To: jvhroberts at aol.com

Cc: virtualvairs at corvair.org

Sent: Mon, 25 May 2009 12:33 pm

Subject: Re: <VV> turbocharger

On Mon, 25 May 2009, jvhroberts at aol.com wrote:?




> You really don't need it, however, if you REALLY feel a need to cool the thing, keep it simple. Get a short section of finned hydronic baseboard radiator, and simply mount it vertically near the turbo, and fill 'er up! Let convection do the work. Have a small expansion tank on top, and forget about it!?


> The purpose of water cooling is to protect the bearings against coking when the oil flow stops. On every water cooled turbo engine I've come across (and I've owned a few), the only circulation after shutdown is via convection. Heck, you could simply use a coil of copper tubing!

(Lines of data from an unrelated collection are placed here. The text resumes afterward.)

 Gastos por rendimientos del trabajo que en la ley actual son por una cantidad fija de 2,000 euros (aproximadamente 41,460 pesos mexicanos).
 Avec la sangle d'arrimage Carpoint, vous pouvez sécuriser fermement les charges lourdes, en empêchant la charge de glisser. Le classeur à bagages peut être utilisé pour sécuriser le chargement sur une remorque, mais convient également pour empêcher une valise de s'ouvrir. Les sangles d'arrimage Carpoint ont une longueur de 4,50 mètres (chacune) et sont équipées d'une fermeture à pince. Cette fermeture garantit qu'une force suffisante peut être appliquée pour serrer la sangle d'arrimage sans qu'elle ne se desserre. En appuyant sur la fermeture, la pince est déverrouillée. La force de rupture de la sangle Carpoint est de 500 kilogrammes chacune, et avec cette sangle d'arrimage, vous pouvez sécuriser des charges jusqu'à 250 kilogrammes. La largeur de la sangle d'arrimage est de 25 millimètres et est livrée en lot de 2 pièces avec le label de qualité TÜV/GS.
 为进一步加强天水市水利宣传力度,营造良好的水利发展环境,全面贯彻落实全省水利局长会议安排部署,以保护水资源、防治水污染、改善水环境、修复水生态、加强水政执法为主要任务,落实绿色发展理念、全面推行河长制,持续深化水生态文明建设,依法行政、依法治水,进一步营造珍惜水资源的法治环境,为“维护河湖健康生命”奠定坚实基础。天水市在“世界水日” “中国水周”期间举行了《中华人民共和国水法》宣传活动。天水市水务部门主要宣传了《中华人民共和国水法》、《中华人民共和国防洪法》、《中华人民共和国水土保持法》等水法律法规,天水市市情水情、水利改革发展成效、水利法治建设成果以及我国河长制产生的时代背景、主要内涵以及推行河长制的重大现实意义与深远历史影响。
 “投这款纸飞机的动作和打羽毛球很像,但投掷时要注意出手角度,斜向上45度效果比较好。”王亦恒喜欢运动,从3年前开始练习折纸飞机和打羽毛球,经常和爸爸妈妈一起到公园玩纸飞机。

The amount of heat you need to dump, either way, is small. The goal is to keep the temps from cooking the oil. And that just doesn't take all that much!?

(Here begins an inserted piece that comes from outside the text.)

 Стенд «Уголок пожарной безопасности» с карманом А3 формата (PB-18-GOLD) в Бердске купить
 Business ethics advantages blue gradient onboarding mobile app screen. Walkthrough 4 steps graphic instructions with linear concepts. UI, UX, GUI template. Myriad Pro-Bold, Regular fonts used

Good idea BUT it is based on the ASSUMPTION that the only time you need 
the water for cooling is when you stop to prevent coking.?

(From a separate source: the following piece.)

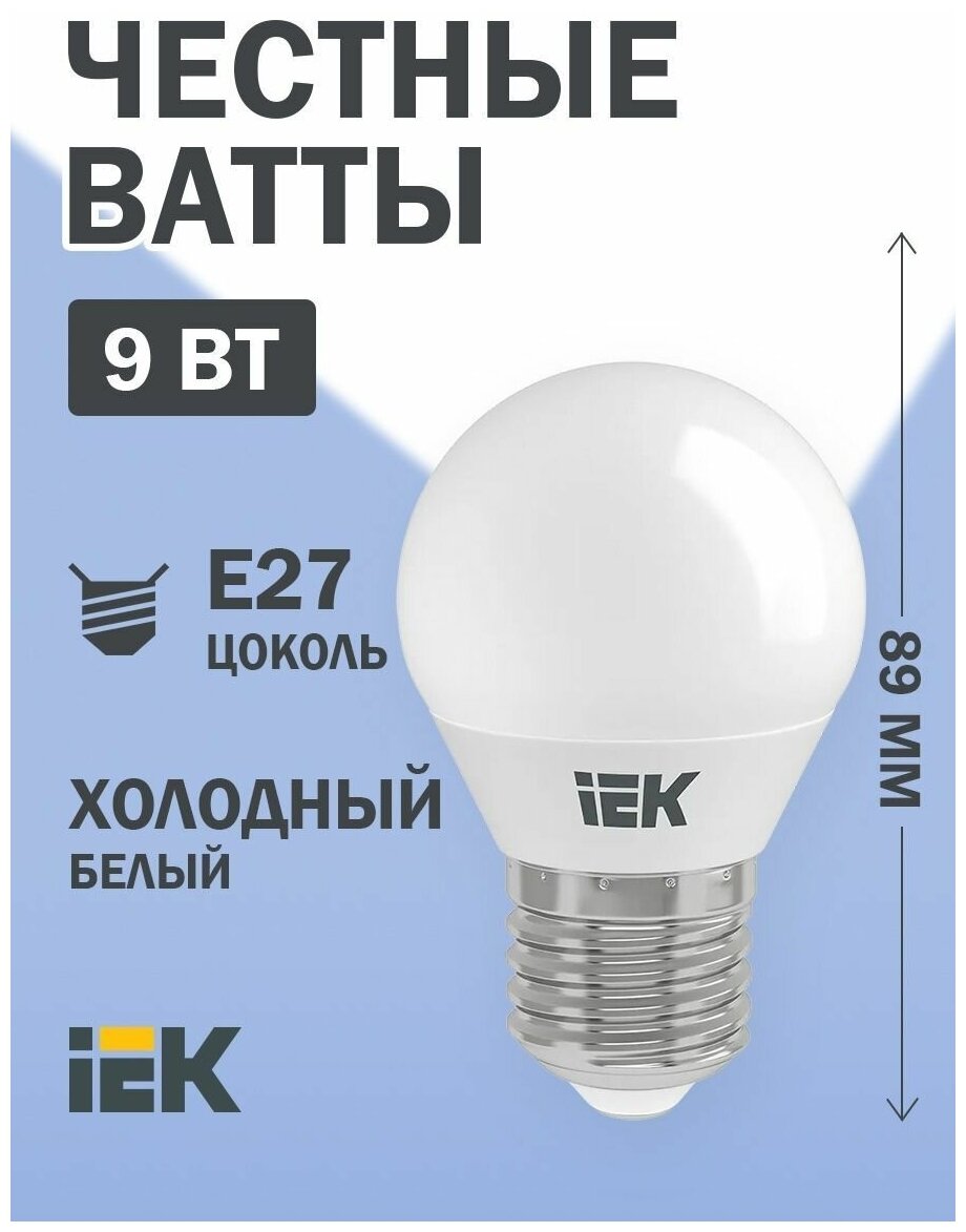 10 цен на IEK ECO шар 6500K, E27, G45, 9 Вт, 6500 К

That assumption is not true. Not much cooling to center section from oil 
since it has ball bearings. The oil line to turbo has a very small 
restriction because the turbo needs little oil which also helps the?

drainage. Water is highly suggested by Garrett for the turbo I am using.?

You may choose otherwise. For myself and the turbo I am using, I want the?

ability to run it as hard as I wish and not worry about cooking the center?

section during DRIVING, not just at shutdown?